***** Stored data

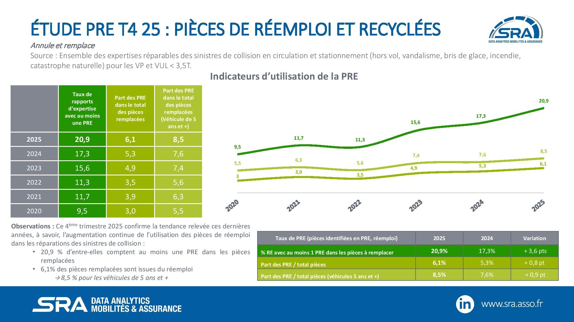 Les chiffres de l'association professionnelle SRA parlent d'eux-mêmes. Au quatrième trimestre 2025, 20,9 % des rapports d'expertise consécutifs à des sinistres de collision ont compté au moins une pièce issue du réemploi. Un bilan qui marque une progression constante depuis 2020, où ce taux plafonnait à 9,5 %.
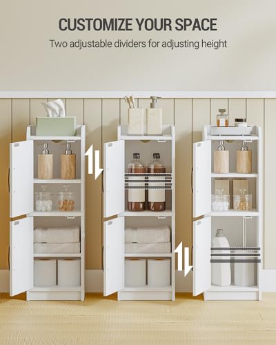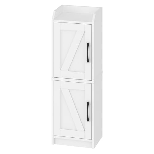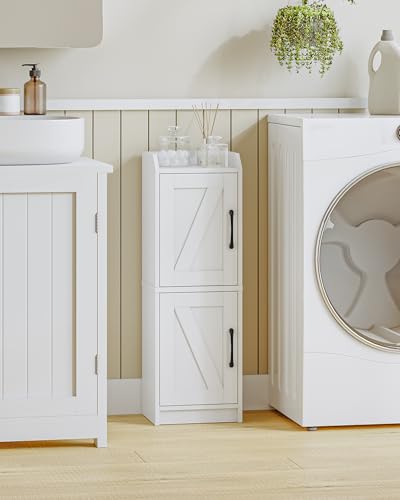 Hzuaneri - خزانة تخزين للحمام من هزوانيري، خزانة ارضية صغيرة لمنزل المزرعة مع باب وارفف، حامل ورق تواليت ضيق، منظم حمام مع رف قابل للتعديل، للمساحات الصغيرة، ابيض
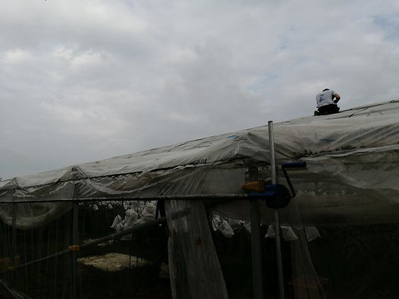 5月24日(金) ![]() 袋かけを終えたハウスから順番にビニールを巻上げていきました。 まず最初は第二マンゴーハウス2棟と平張り部分から。 二人がかりでスプリング外しから始めてビニール巻き上げ、 頂部固定からの仕上げのハウスバンド固定まで2時間で完了! 明日は第一マンゴーハウス2棟のビニール巻き上げ予定です。 |
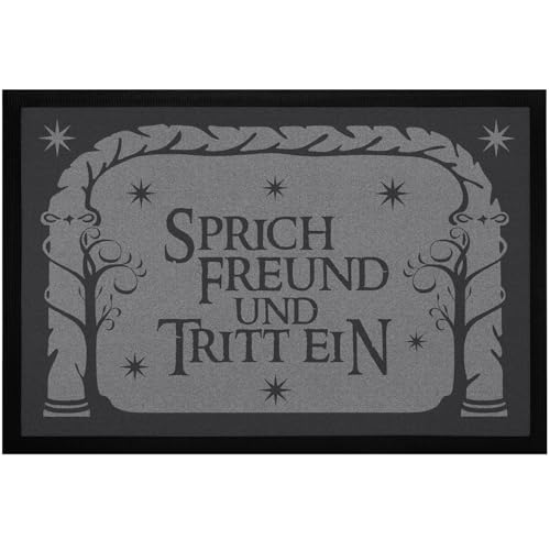 Auf seiner Reise nach Mordor muss Frodo das ein oder andere Hindernis überwinden. Eines von ihnen ist die versteckte Tür von Durin, die in das Reich der Zwerge führt. Diese Tür öffnet sich nur, wenn das Rätsel ihrer Inschrift, „Sprich Freund und tritt ein“, gelöst wird. Waschechte "Herr der Ringe"-Fans wissen, dass für die Lösung und um Eintritt zu erhalten das elbische Wort „mellon“, also Freund, gesprochen werden muss. Werden die Besucher die Lösung auch herausfinden? Die robuste, langlebige und farbintensive Matte ist natürlich auch äußerst praktisch, um den Fußboden in der Wohnung sauber und trocken zu halten. Die Fußmatte ist rutschfest und ein tolles Geschenk für alle "Herr der Ringe"-Fans, zum Beispiel zur Einweihung einer neuen Wohnung.
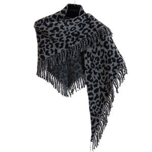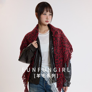 复古豹纹流苏围巾秋冬高级感百搭含羊毛三角巾保暖时尚针织女披肩
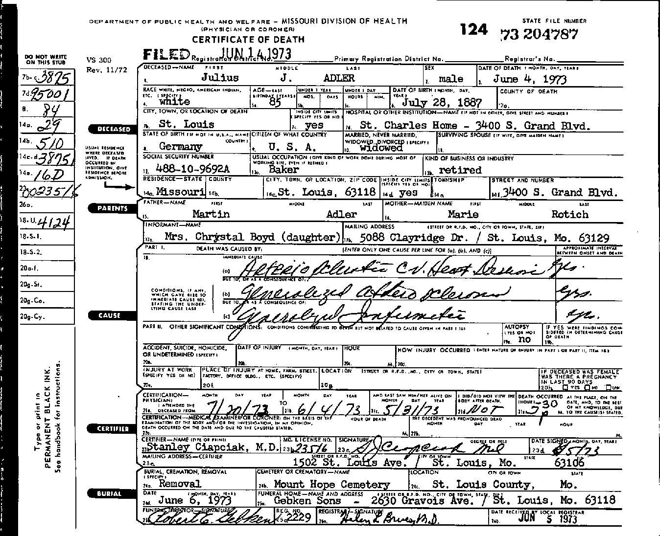 Julius Adler death certificate, found at https://www.sos.mo.gov/images/archives/deathcerts/1973/1973_00204787.PDF
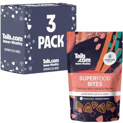 Tails.com Inner Vitality Dog Treats 3 x 80g Superfood Bites 27% Salmon Grain Free Recipe No Artificial Colours or Flavours Low Calorie Snacks Rich in Salmon, a Source of Omega
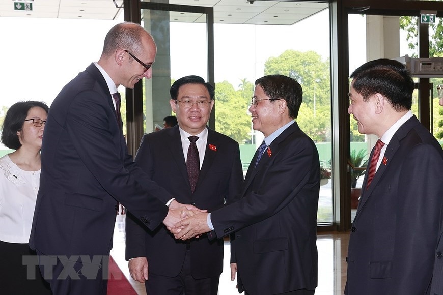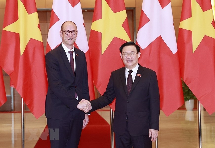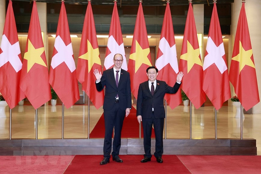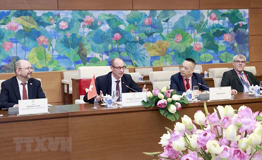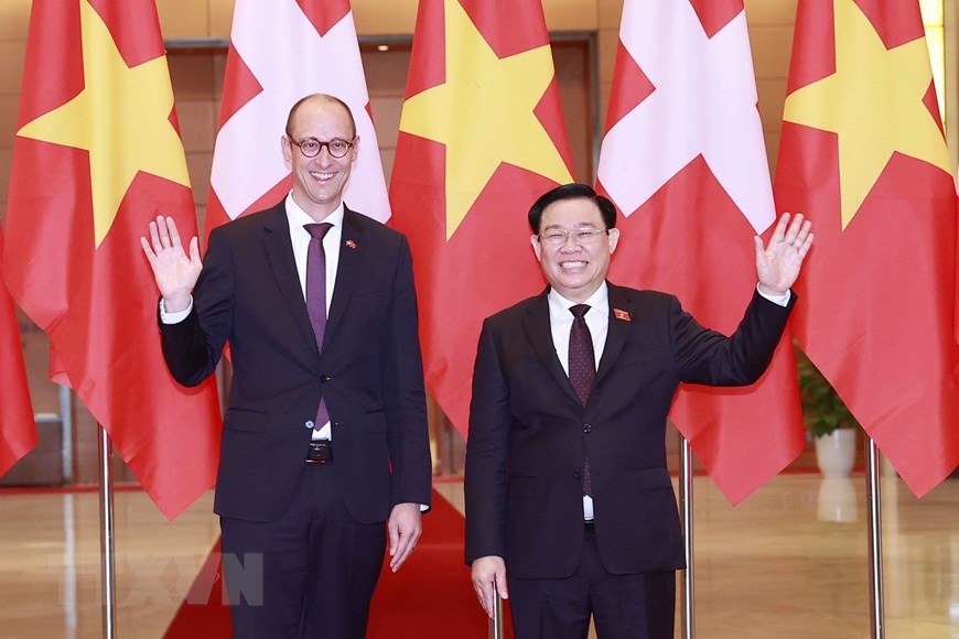 Chủ tịch Quốc hội Vương Đình Huệ với Chủ tịch Hội đồng Quốc gia Thụy Sĩ Martin Candinas. (Ảnh: Doãn Tấn/TTXVN)
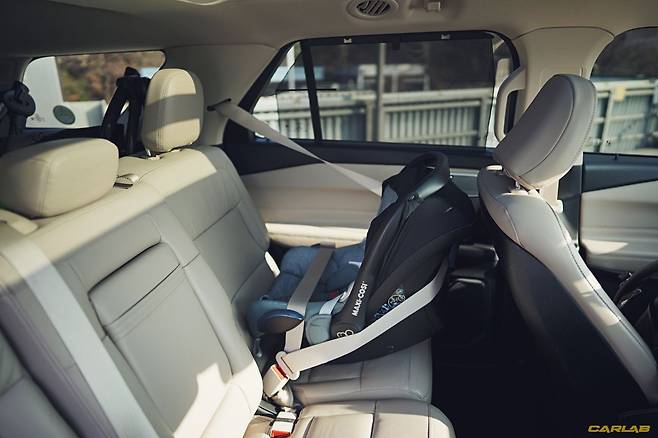 ▲ 2열을 맨뒤로 밀고 운전석을 키 176cm인 기자 몸에 맞춘 상태의 카시트 설치 모습. 카시트 하단 스탠드까지 설치해도 다리 공간을 충분히 활용할 수 있다. 반대로 설치할 경우, 카시트에 앉은 어린이의 발이 (키에 따라 다르겠지만) 운전석 등짝에 좀처럼 닿지 않는 거리다.
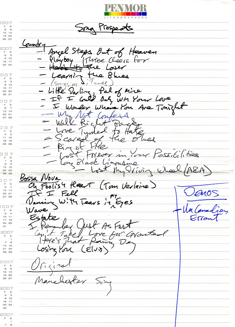 The setlist for our first Cornish Apple Festival performance, in 2008. “Brunswick” at the bottom refers to a gig we played the following month with bassist Steve Chapman and drummer Willy Thurston. Hubley Archives.
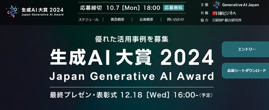 一般社団法人Generative AI Japan(所在地:東京都多摩市、代表理事:宮田 裕章、以下「GenAI〈読み:ジェナイ〉」)が、日経BP(本社:東京都港区、社長CEO:井口 哲也)が発行・運営する経済メディア「日経ビジネス」と共同で開催する「生成AI大賞2024」のエントリーの受付を本日より開始します。企業や団体の活用事例を募集中です。たくさんのご応募をお待ちしております。
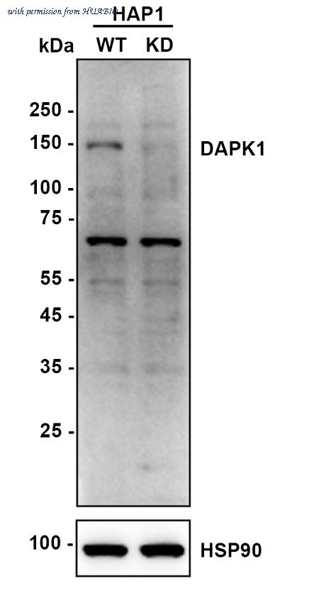 Western blot analysis of DAP Kinase 1 on different lysates with Mouse anti-DAP Kinase 1 antibody (EM1801-15) at 1/1,000 dilution. Lane 1: HAP1-parental cell lysate Lane 2: HAP1-DAP Kinase 1 KD cell lysate Lysates/proteins at 10 µg/Lane. Predicted band size: 150 kDa Observed band size: 150 kDa Exposure time: 15 seconds; ECL: K1802; 4-20% SDS-PAGE gel. Proteins were transferred to a PVDF membrane and blocked with 5% NFDM/TBST for 1 hour at room temperature. The primary antibody (EM1801-15) at 1/1,000 dilution was used in K1803 at 4℃ overnight. Goat Anti-Mouse IgG - HRP Secondary Antibody (HA1006) at 1/50,000 dilution was used for 1 hour at room temperature.
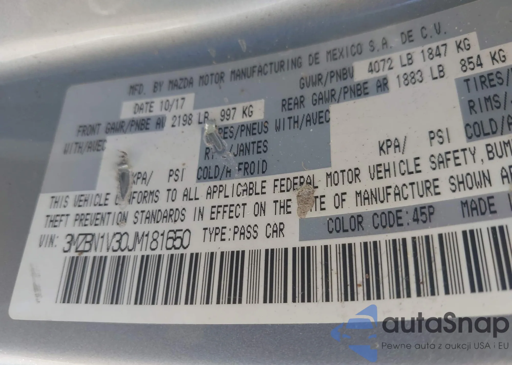 LOT: 43550502 VIN: 3MZBN1V30JM181650
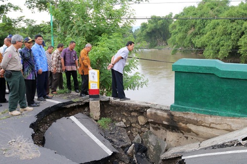 Selanjutnya, Gubernur DIY mengunjungi wilayah Desa Sayegan, Kecamatan Sayegan, Kabupaten Sleman dan Desa Barongan, Kecamatan Jetis, Kabupaten Bantul. Di dua lokasi tersebut, Sri Sultan beserta rombongan meinjau infrastruktur jembatan yang rusak akibat tergerus banjir. (kt1)
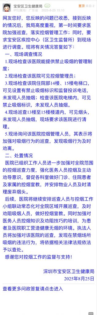 網(wǎng)友您好,您反映的問題已收悉,接到反映的情況后,我局高度重視,第一時間要求醫(yī)院加強巡查,落實控?zé)煿芾砉ぷ鳎煌瑫r,要求寶安區(qū)疾控中心(區(qū)衛(wèi)生監(jiān)督所)到現(xiàn)場進(jìn)行調(diào)查?,F(xiàn)將有關(guān)情況答復(fù)如下:
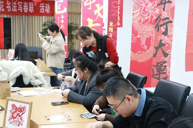活動現場,前來寫剪窗花、寫春聯的職工絡繹不絕。剪紙老師細致地為大家講解剪紙技巧,大家歡聚一堂,共同感受剪紙的樂趣,一剪一剪慢慢雕琢著“福”字和生肖“龍”,剪刀一起一落間紅色祝福灑落祥和。書法家鋪開紅卷,挽袖執筆,筆走龍蛇,潑墨揮毫?!叭覛g樂春來早,老少祥福慶壽高”“百花迎春福滿庭,萬事順意喜臨門”……一副副散發著清新墨香、飽含濃情與祝福的春聯躍然紙上,一字一墨賡續著傳統文化,紅紙黑字間映透著共同的祝福和心愿?;顒悠陂g,幾輪有關“龍”文化的有獎競猜活動引得現場員工陣陣歡呼,現場呈現一片歡樂、祥和、喜慶的氛圍。
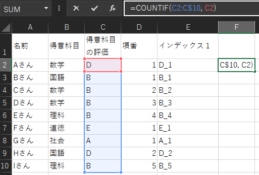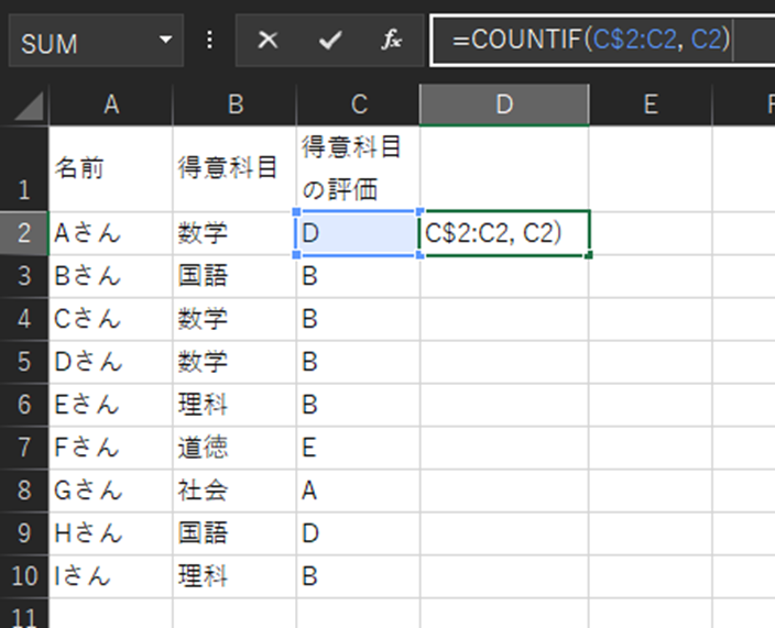 この関数の範囲指定には、絶対参照を意味する$を使用します。COUNTIFの検索範囲で指定する2つのセルのうち、一方のみを絶対参照にすることで、数式が入力してあるセルよりも上側全ての「得意科目の評価」を検索範囲に指定できるようになります。
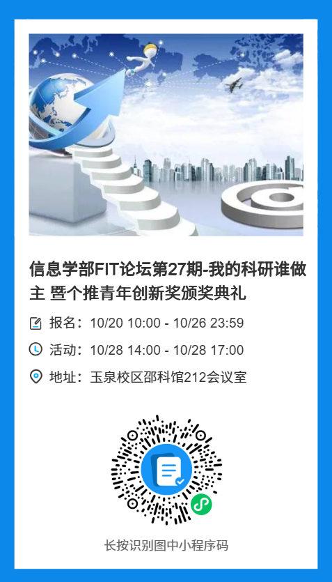 经研究决定,信息学部FIT论坛第27期定于2025年10月28日(下周二)下午14:00在玉泉校区邵科馆212会议室举行。会议议程如下:
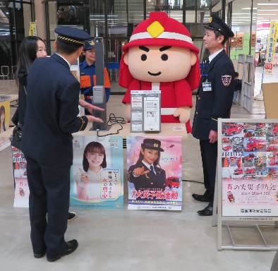 函館市消防本部では、令和7年4月18日(金)に市内の大型商業施設において、春の火災予防運動の一環として一日消防官をお招きし、火災予防広報を実施しました。

**********

Task to complete » Set down word for word the lines above from the one with "Western blot analysis" up to and including the one with "Selanjutnya, Gubernur DIY". Omit every picture.

Solution below »
 Western blot analysis of DAP Kinase 1 on different lysates with Mouse anti-DAP Kinase 1 antibody (EM1801-15) at 1/1,000 dilution. Lane 1: HAP1-parental cell lysate Lane 2: HAP1-DAP Kinase 1 KD cell lysate Lysates/proteins at 10 µg/Lane. Predicted band size: 150 kDa Observed band size: 150 kDa Exposure time: 15 seconds; ECL: K1802; 4-20% SDS-PAGE gel. Proteins were transferred to a PVDF membrane and blocked with 5% NFDM/TBST for 1 hour at room temperature. The primary antibody (EM1801-15) at 1/1,000 dilution was used in K1803 at 4℃ overnight. Goat Anti-Mouse IgG - HRP Secondary Antibody (HA1006) at 1/50,000 dilution was used for 1 hour at room temperature.
 LOT: 43550502 VIN: 3MZBN1V30JM181650
 Selanjutnya, Gubernur DIY mengunjungi wilayah Desa Sayegan, Kecamatan Sayegan, Kabupaten Sleman dan Desa Barongan, Kecamatan Jetis, Kabupaten Bantul. Di dua lokasi tersebut, Sri Sultan beserta rombongan meinjau infrastruktur jembatan yang rusak akibat tergerus banjir. (kt1)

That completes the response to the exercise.